Представляю, как у меня вытянулось лицо. Трудно было ожидать подобной прыти от больного девяностолетнего старика. А вот поди ж ты – подбил массажистку организовать Веронике алиби. Только зачем?

– Я говорила Тимофею Ильичу, что, если копнут поглубже – все откроется, – плаксиво затянула массажистка. – Он только рукой махал – никто, говорит, не будет ничего копать. Я и согласилась.

– Много он тебе дал? – неприязненно глядя на Веденееву, протянула заместитель главврача.

– Ну, так, нормально, – смутилась женщина. – Я машину в кредит взяла, каждая копейка на счету.

– Лидия Владиславовна, – обернулась я к начальнице массажистки, – отпустите Кристину пораньше. Нужно, чтобы она повторила все следователю.
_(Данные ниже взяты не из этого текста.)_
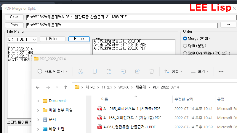 - 파일 분할은 'PDF_파일이름' 폴더를 생성후 저장됨 (옵션에 따라 덮어쓰기 및 다른이름으로 저장됨)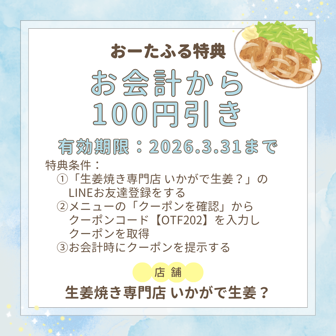 「生姜焼き専門店 いかがで生姜?」のLINEお友達登録をし、クーポンコード【OTF202】と入力。取得したクーポンをお会計時に提示すると、お会計が100円引きに!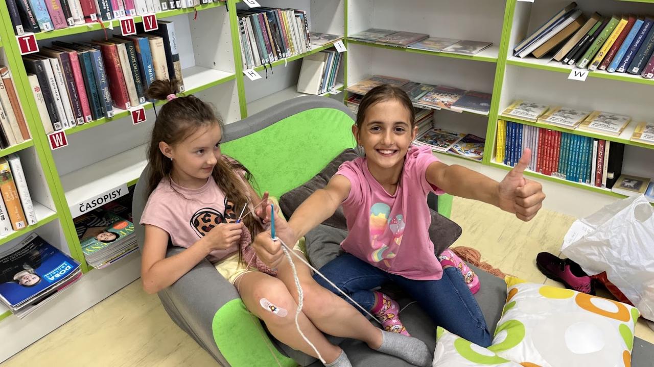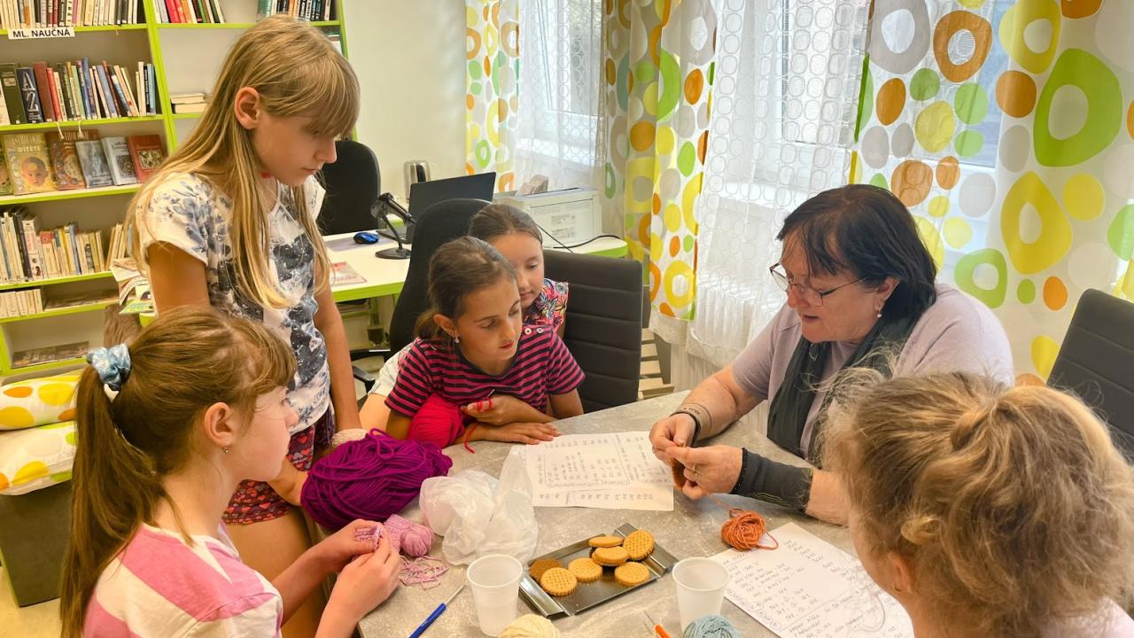 Dámy z Klubu seniorů předávaly zkušenosti s háčkováním mladé generaci.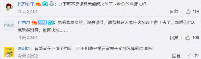 网友对这名男子的行为感到愤慨,有人就表示:有警察在还这个态度,还不知道平常在家妻子受到怎样的待遇。
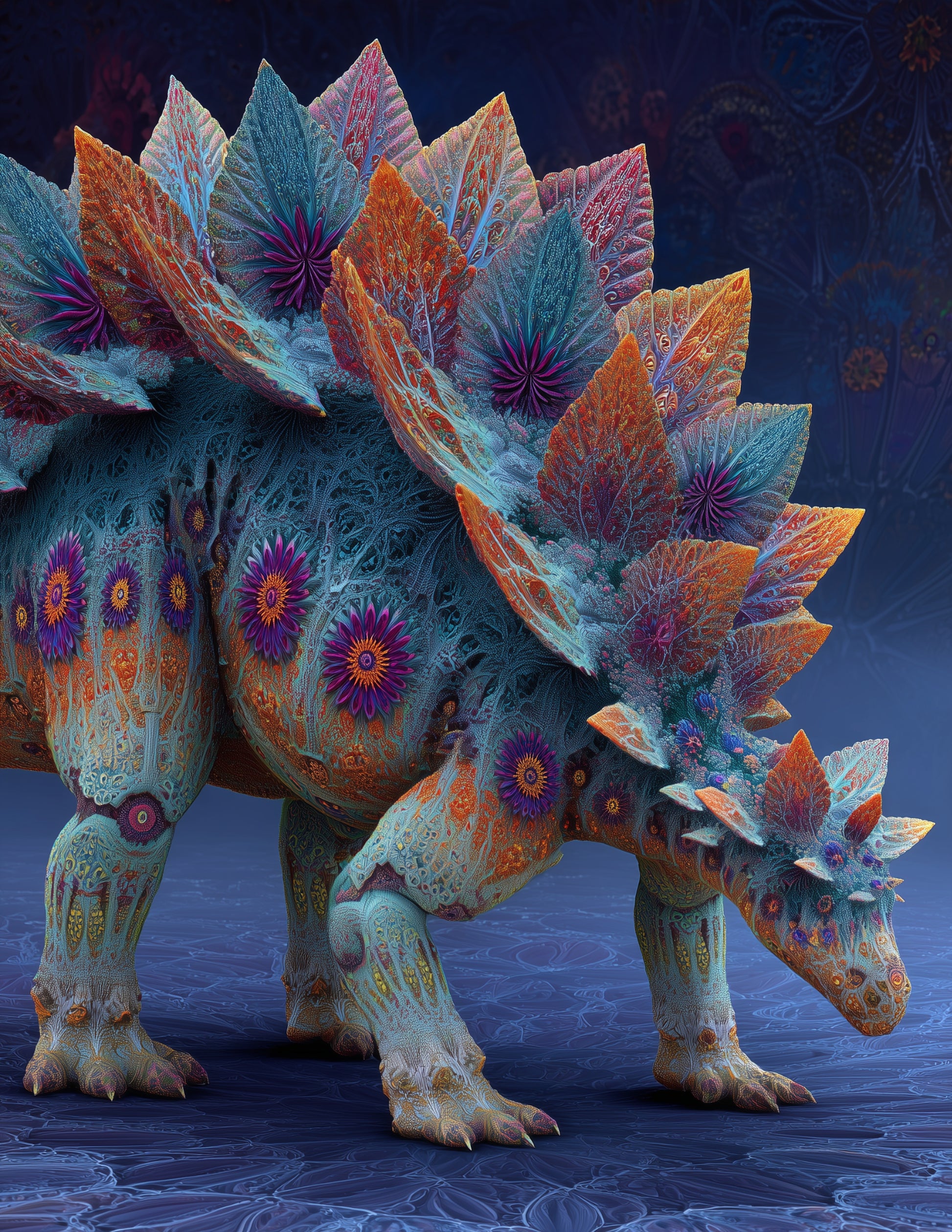 Bring the beauty of stegosaurus fractal filigree art into your home with this digital wall print, featuring subtle color variation and refined detail.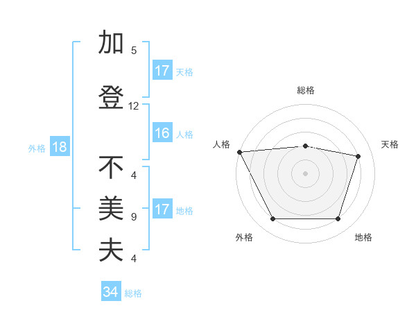 加登 不美夫さんを姓名の画数から五運を鑑定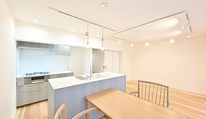 キッチンは、除菌機能を備えたタッチスイッチ水栓を採用した最新のものに。お部屋の形状を考慮し、セパレートタイプのアイランドキッチンをご提案しました。面材のカラーは、床・壁のナチュラルな雰囲気に合わせてグレイッシュカラーを採用。キッチン上部にはライティングレールを設置し、お好きな照明が取り付けられるようにしました。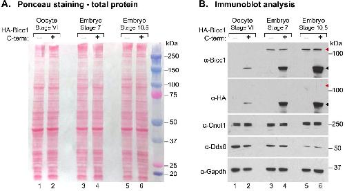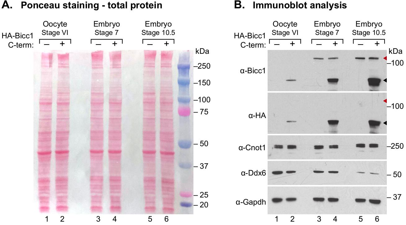 Figure 3: Identifying levels of translational regulatory proteins through immunoblotting in X. laevis. (A) Ponceau staining of the immunoblot to identify total protein from X. laevis stage VI oocytes, stage 7 embryos, and stage 10.5 embryos. Each lane represents 10% of the protein prepared from an extract (0.5 oocyte or embryo). (B) Immunoblot analysis of selected X. laevis translational regulatory proteins in stage VI oocytes, stage 7 embryos, and stage 10.5 embryos. Lanes 2, 4, and 6 correspond to samples microinjected with HA-Bicc1 mRNA prior to analysis, while lanes 1, 3, and 5 serve as negative (uninjected) controls. α-Bicc1 antibody was used to assay expression of endogenous Bicc1 across stages (top panel). The blot was subsequently stripped and re-probed with an antibody to the HA affinity tag as a control for α-Bicc1 antibody specificity (second panel). Blots were stripped and re-probed for additional regulatory proteins using α-Cnot1 (third panel) and α-Ddx6 (fourth panel). α-Gapdh (bottom panel) served as a control for equal protein loading. Red arrowheads mark the location of endogenous Bicc1, while black arrowheads mark the location of exogenously expressed HA-Bicc1 C-term.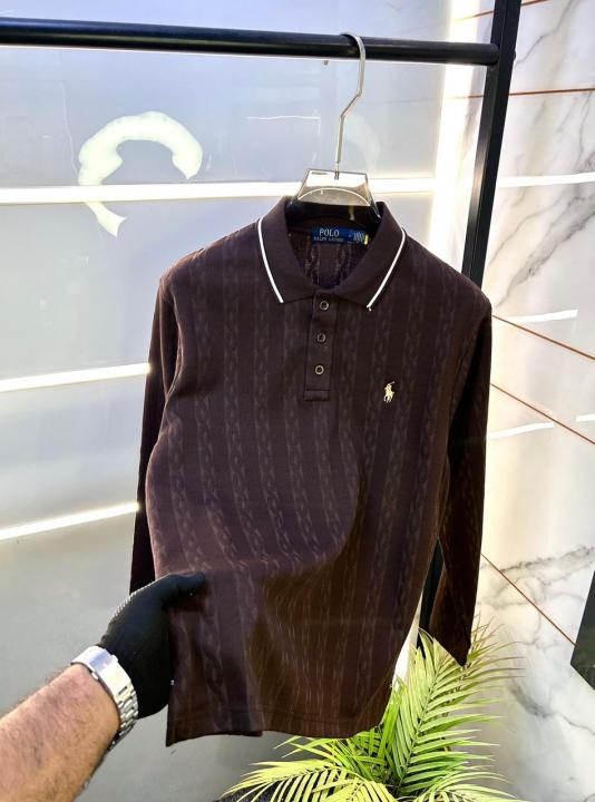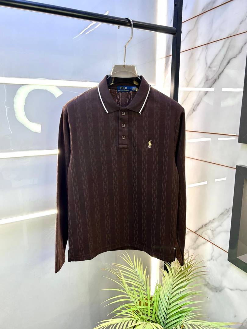 Ralph_Lauren Dark Brown Knitted Full Sleeves Premium Collar T-shirt F2989-DBR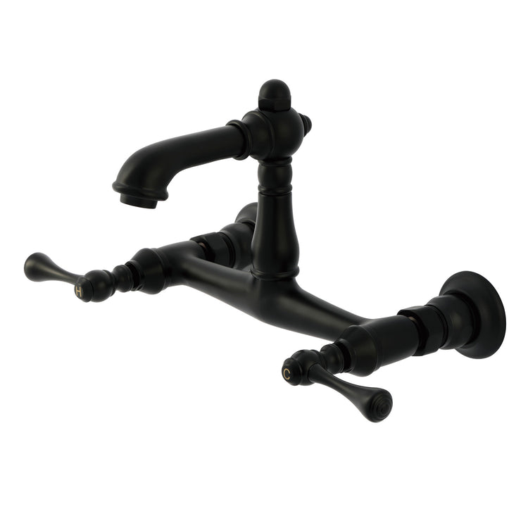 Kingston Heirloom KS7250BL - English Country Double-Handle 2-Hole Wall Mount Bathroom Faucet, Matte Black

– Конечно, пусть идет, – разрешила Смирнова. – Мы тут сами без нее справимся.

В полицейском управлении свидетельница призналась в даче ложных показаний, и Валерий Львович восхищенно молвил, как только за Веденеевой закрылась дверь:

– Женя, вы удивительная девушка! Как вам удалось заставить Веденееву сказать правду?

– Я просто побеседовала с ее начальством и выяснила, была ли свидетельница в ночь убийства в городе, – пояснила я.

– Я даже предположить не мог, что Кристина врет! – повысил голос Лизяев. – У нее не было повода вводить в заблуждение следствие. А вы молодец, догадались ее проверить. Так сказать, проявили инициативу.

– Теперь ваша очередь проявить инициативу, – подхватила я, – и как следует допросить Егорова.

– Все это так, Женя, но тут мы натыкаемся на полное отсутствие логики, – поскучнел Лизяев. – Если Вероника осталась без денег, то как она смогла уговорить Тимофея Ильича подкупить массажистку, чтобы Веденеева дала показания в ее пользу?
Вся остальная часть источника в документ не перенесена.